Keep the wording of each record exactly the same when you repeat it, and leave out pictures.

_Records drawn from a dataset_
- - -

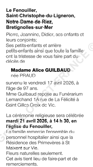 Cet espace « condoléances » est dédié à la mémoire de Madame Alice GUILBAUD née PRAUD.
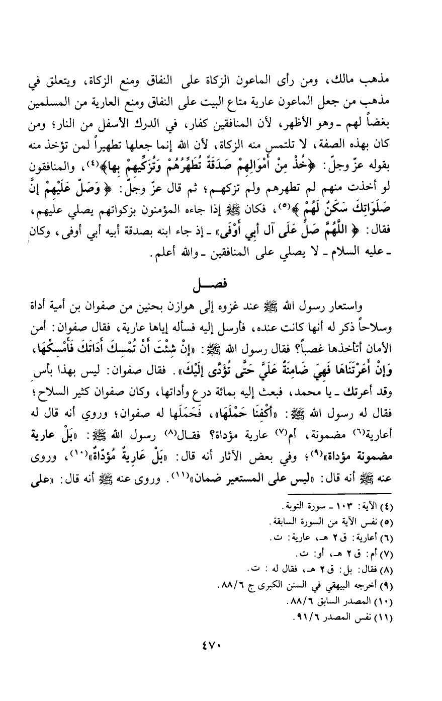 مذهب مالك، ومن رأى الماعون الزكاة على النفاق ومنع الزكاة، ويتعلق في مذهب من جعل الماعون عارية متاع البيت على النفاق ومنع العارية من المسلمين بغضا لهم - وهو الأظهر، لأن المنافقين كفار، في الدرك الأسفل من النار، ومن كان بهذه الصفة، لا تلتمس منه الزكاة، لأن الله إنما جعلها تطهيرا لمن تؤخذ منه بقوله عز وجل: {خُذْ مِنْ أَمْوَالِهِمْ صَدَقَةً تُطَهِّرُهُمْ وَتُزَكِّيهِمْ بِهَا} [التوبة: 103]، والمنافقون لو أخذت منهم لم تطهرهم ولم تزكهم؛ ثم قال عز وجل: {وَصَلِّ عَلَيْهِمْ إِنَّ صَلاتَكَ سَكَنٌ لَهُمْ} [التوبة: 103]، فكان - صَلَّى اللَّهُ عَلَيْهِ وَسَلَّمَ - إذا جاءه المؤمنون بزكواتهم يصلي عليهم، فقال: «اللهم صل على آل أبي أوفى» - إذ جاء ابنه بصدقة أبيه أبي أوفى، وكان - عَلَيْهِ السَّلَامُ - لا يصلي على المنافقين - والله أعلم.
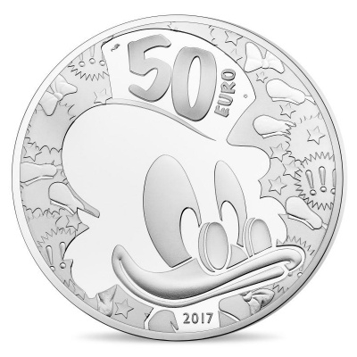 Die Wertseite zeigt analog dazu ebenfalls die Umrisse von Dagoberts Kopf, umgeben von einem Hintergrund mit Comicsymbolen, Sternen, Donalds Mütze und Daisys Schleife. Der Nennwert von 50 Euro ist im Zylinder zu finden. Auf dem Hals ist das Prägejahr 2017 vermerkt. Die in höchster Proof-Qualität geprägte Silbermünze hat einen Durchmesser von 50 Millimetern und enthält 5 oz Feinsilber (Feingehalt: 950/1000). Der Münzrand ist glatt. Die Sammlerstücke wurden gekapselt, im Etui und mit nummeriertem Echtheitszertifikat ausgegeben. Die Auflage ist streng limitiert auf nur 500 Stück, die bei der Prägeanstalt bereits ausverkauft sind.
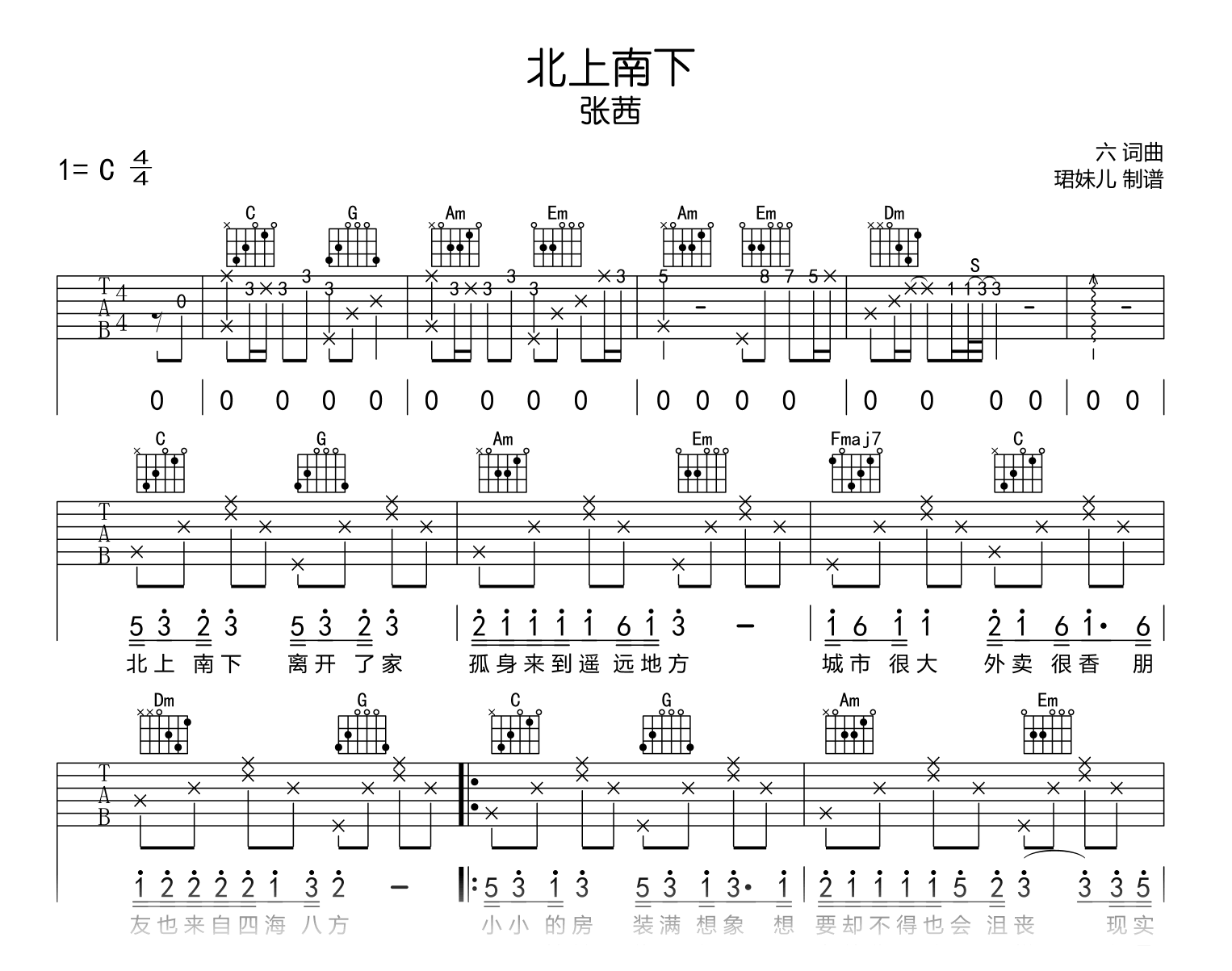 北上南下吉他谱 - 张茜 - C调吉他弹唱谱
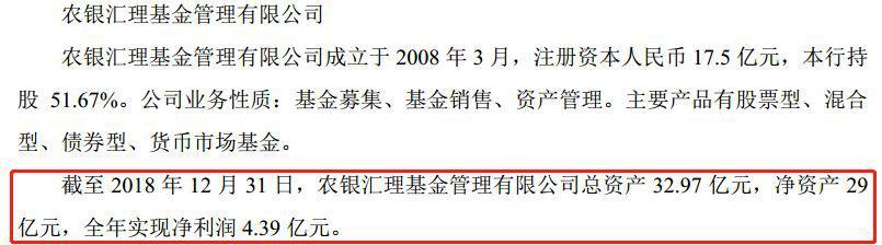 农银汇理基金2018年净利润增长迅猛。农业银行昨晚公布的年报显示,其持股51.67%的农银汇理基金,2018年全年实现净利润4.39亿元,较2017年同期(净利润2.23亿元)大幅增长96.86%。另外,截至2018年底,农银汇理的总资产为32.97亿元,净资产为29亿元。
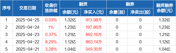 融资方面,当日融资买入2383.01万元,融资偿还1469.03万元,融资净买入913.98万元,连续7日净买入累计3768.35万元。融券方面,融券卖出0股,融券偿还0股,融券余量0股,融券余额0元。融资融券余额合计1.32亿元。
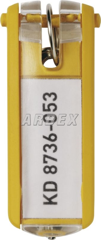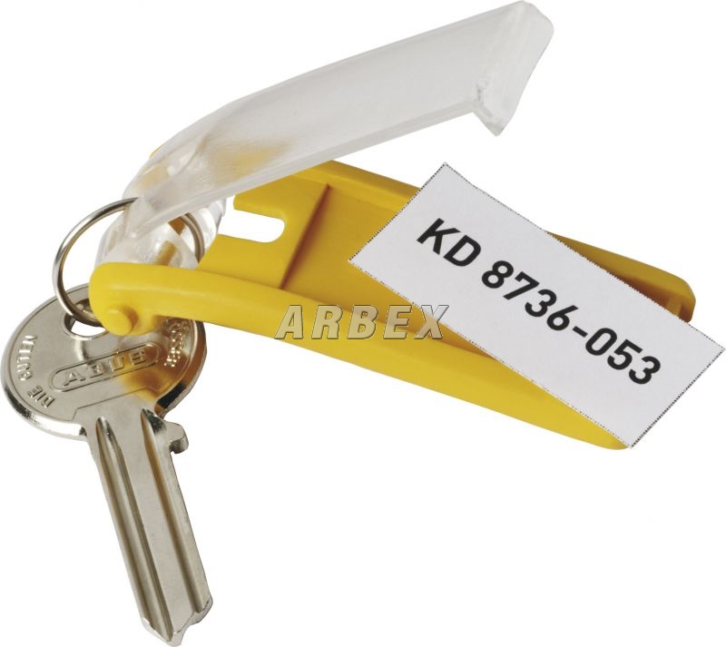 Tento jedinečný plastový přívěsek na klíče umožňuje dokonalý přehled o klíčích ve skříňce díky tomu, že klíče jsou na plocho uloženy za ním a popisovací štítky jsou tak kdykoliv čitelné. Pro vložení popisovacího štítku lze klip snadno bez sejmutí závěsného kroužku. 6 ks v balení. Barvy: červená, černá, modrá, žlutá.
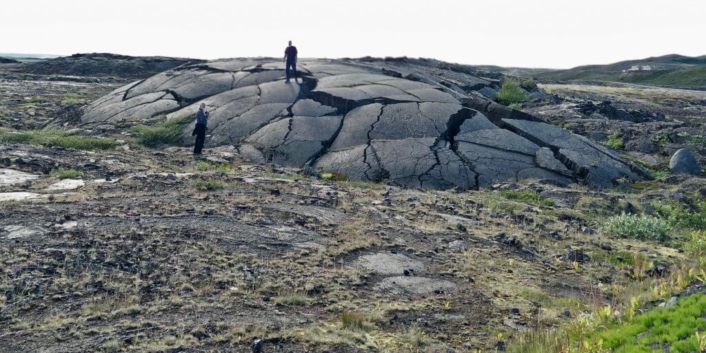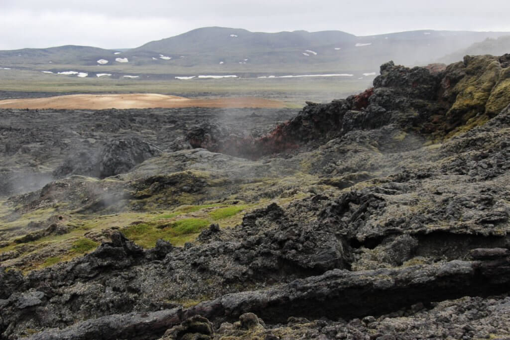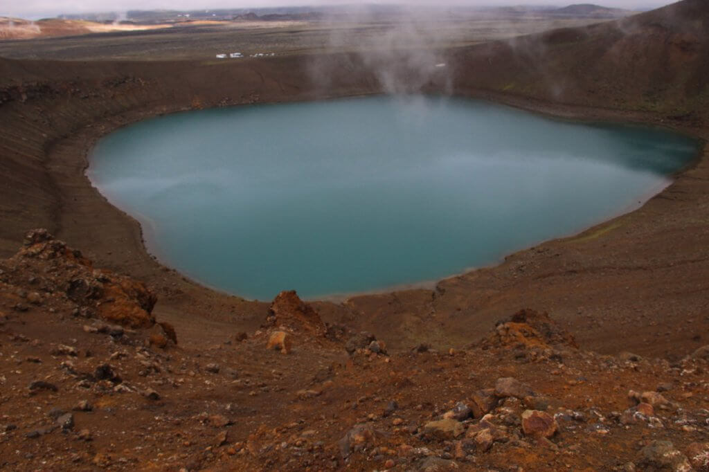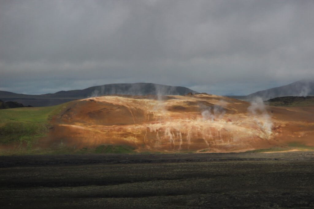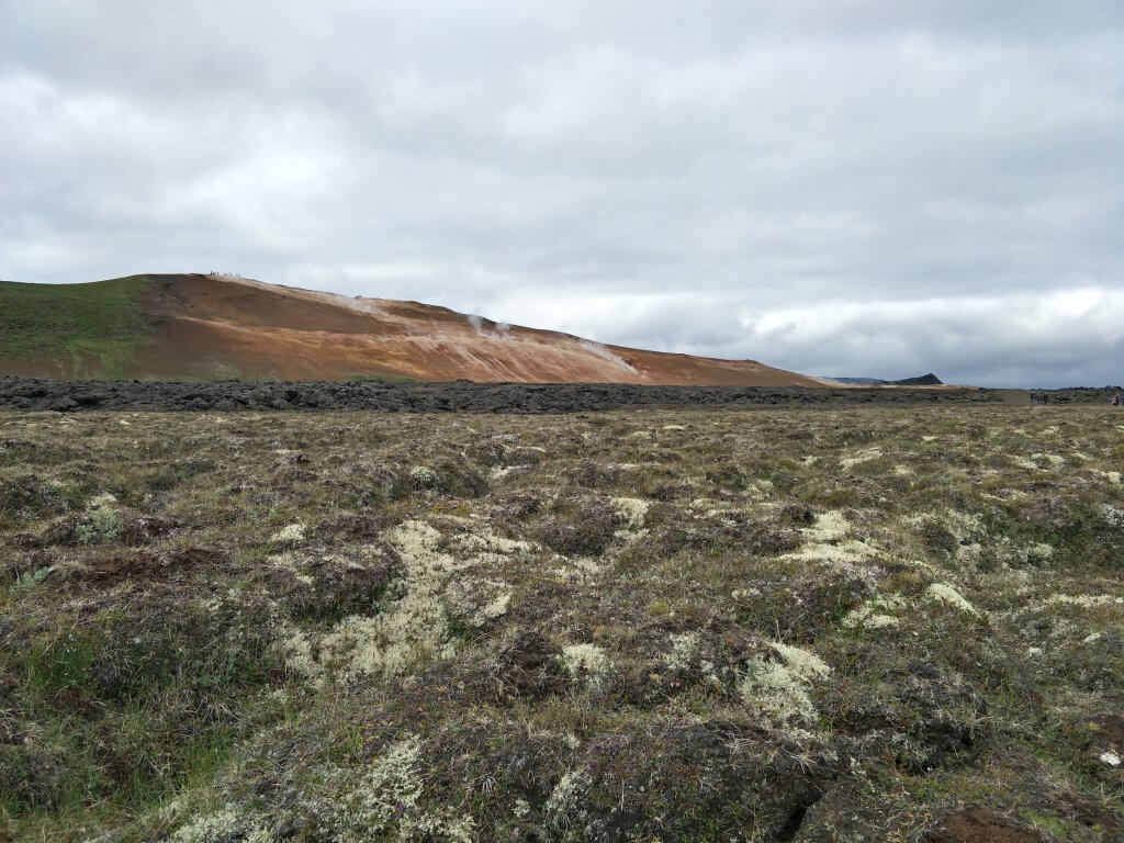 We started our exploration by driving past a geothermal power station and then walking up the volcano Mt Krafla to the Viti Crater Lake. The lake was a beautiful turquoise colour in contrast with the red of the crater itself. From this vantage point we could look out over the lava plan and see the plumes of steam dotted all over. We walked right round the crater and then headed for the lava plain of Leirhnjúkur. This area is a great plain which overflowed with lava during a 1984 eruption.
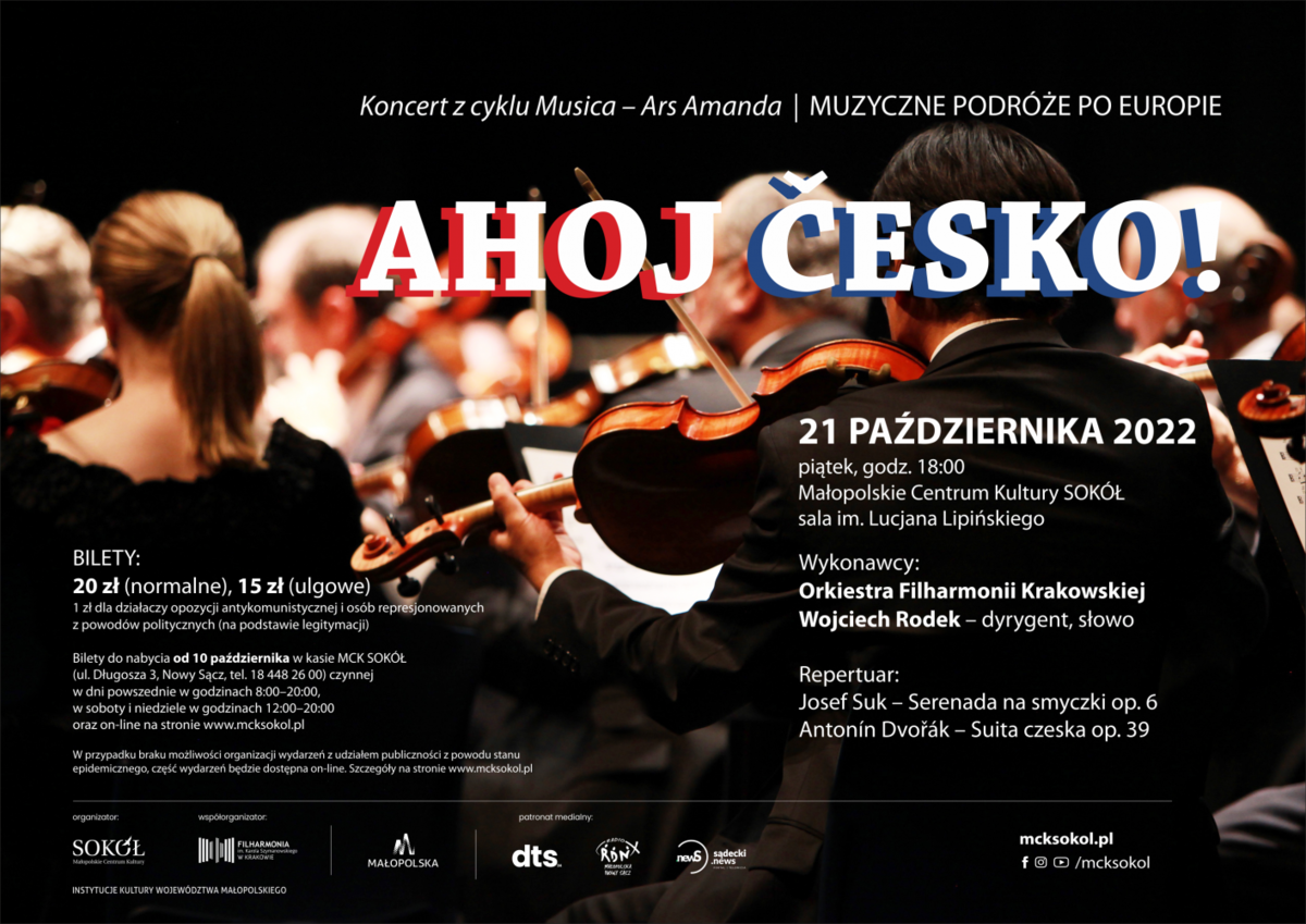 Musica – Ars Amanda Cykl koncertów symfonicznych dla młodzieży – ale nie tylko!, będący mozaiką stylów i form muzycznych. Wprowadza słuchaczy w świat muzyki od baroku do czasów współczesnych. Odbiorcy mają okazję poznać polskich dyrygentów i solistów, a koncerty uzupełniają prelekcje oraz foldery z informacjami o wykonawcach i omówieniem repertuaru. W sezonie artystycznym 2022/2023 koncerty z cyklu Musica - Ars Amanda przenosić będą słuchaczy w różne miejsca na świecie prezentując kulturę, tradycję oraz ciekawostki z różnych stron Europy. Wykonawcy: Orkiestra Filharmonii Krakowskiej Wojciech Rodek - dyrygent, słowo Serdecznie zapraszamy na Muzyczne Podróże po Europie!*******

- - -

_Your response_
 Cet espace « condoléances » est dédié à la mémoire de Madame Alice GUILBAUD née PRAUD.
 مذهب مالك، ومن رأى الماعون الزكاة على النفاق ومنع الزكاة، ويتعلق في مذهب من جعل الماعون عارية متاع البيت على النفاق ومنع العارية من المسلمين بغضا لهم - وهو الأظهر، لأن المنافقين كفار، في الدرك الأسفل من النار، ومن كان بهذه الصفة، لا تلتمس منه الزكاة، لأن الله إنما جعلها تطهيرا لمن تؤخذ منه بقوله عز وجل: {خُذْ مِنْ أَمْوَالِهِمْ صَدَقَةً تُطَهِّرُهُمْ وَتُزَكِّيهِمْ بِهَا} [التوبة: 103]، والمنافقون لو أخذت منهم لم تطهرهم ولم تزكهم؛ ثم قال عز وجل: {وَصَلِّ عَلَيْهِمْ إِنَّ صَلاتَكَ سَكَنٌ لَهُمْ} [التوبة: 103]، فكان - صَلَّى اللَّهُ عَلَيْهِ وَسَلَّمَ - إذا جاءه المؤمنون بزكواتهم يصلي عليهم، فقال: «اللهم صل على آل أبي أوفى» - إذ جاء ابنه بصدقة أبيه أبي أوفى، وكان - عَلَيْهِ السَّلَامُ - لا يصلي على المنافقين - والله أعلم.
 Die Wertseite zeigt analog dazu ebenfalls die Umrisse von Dagoberts Kopf, umgeben von einem Hintergrund mit Comicsymbolen, Sternen, Donalds Mütze und Daisys Schleife. Der Nennwert von 50 Euro ist im Zylinder zu finden. Auf dem Hals ist das Prägejahr 2017 vermerkt. Die in höchster Proof-Qualität geprägte Silbermünze hat einen Durchmesser von 50 Millimetern und enthält 5 oz Feinsilber (Feingehalt: 950/1000). Der Münzrand ist glatt. Die Sammlerstücke wurden gekapselt, im Etui und mit nummeriertem Echtheitszertifikat ausgegeben. Die Auflage ist streng limitiert auf nur 500 Stück, die bei der Prägeanstalt bereits ausverkauft sind.
 北上南下吉他谱 - 张茜 - C调吉他弹唱谱
 农银汇理基金2018年净利润增长迅猛。农业银行昨晚公布的年报显示,其持股51.67%的农银汇理基金,2018年全年实现净利润4.39亿元,较2017年同期(净利润2.23亿元)大幅增长96.86%。另外,截至2018年底,农银汇理的总资产为32.97亿元,净资产为29亿元。
 融资方面,当日融资买入2383.01万元,融资偿还1469.03万元,融资净买入913.98万元,连续7日净买入累计3768.35万元。融券方面,融券卖出0股,融券偿还0股,融券余量0股,融券余额0元。融资融券余额合计1.32亿元。
 Tento jedinečný plastový přívěsek na klíče umožňuje dokonalý přehled o klíčích ve skříňce díky tomu, že klíče jsou na plocho uloženy za ním a popisovací štítky jsou tak kdykoliv čitelné. Pro vložení popisovacího štítku lze klip snadno bez sejmutí závěsného kroužku. 6 ks v balení. Barvy: červená, černá, modrá, žlutá.
 We started our exploration by driving past a geothermal power station and then walking up the volcano Mt Krafla to the Viti Crater Lake. The lake was a beautiful turquoise colour in contrast with the red of the crater itself. From this vantage point we could look out over the lava plan and see the plumes of steam dotted all over. We walked right round the crater and then headed for the lava plain of Leirhnjúkur. This area is a great plain which overflowed with lava during a 1984 eruption.
 Musica – Ars Amanda Cykl koncertów symfonicznych dla młodzieży – ale nie tylko!, będący mozaiką stylów i form muzycznych. Wprowadza słuchaczy w świat muzyki od baroku do czasów współczesnych. Odbiorcy mają okazję poznać polskich dyrygentów i solistów, a koncerty uzupełniają prelekcje oraz foldery z informacjami o wykonawcach i omówieniem repertuaru. W sezonie artystycznym 2022/2023 koncerty z cyklu Musica - Ars Amanda przenosić będą słuchaczy w różne miejsca na świecie prezentując kulturę, tradycję oraz ciekawostki z różnych stron Europy. Wykonawcy: Orkiestra Filharmonii Krakowskiej Wojciech Rodek - dyrygent, słowo Serdecznie zapraszamy na Muzyczne Podróże po Europie!*******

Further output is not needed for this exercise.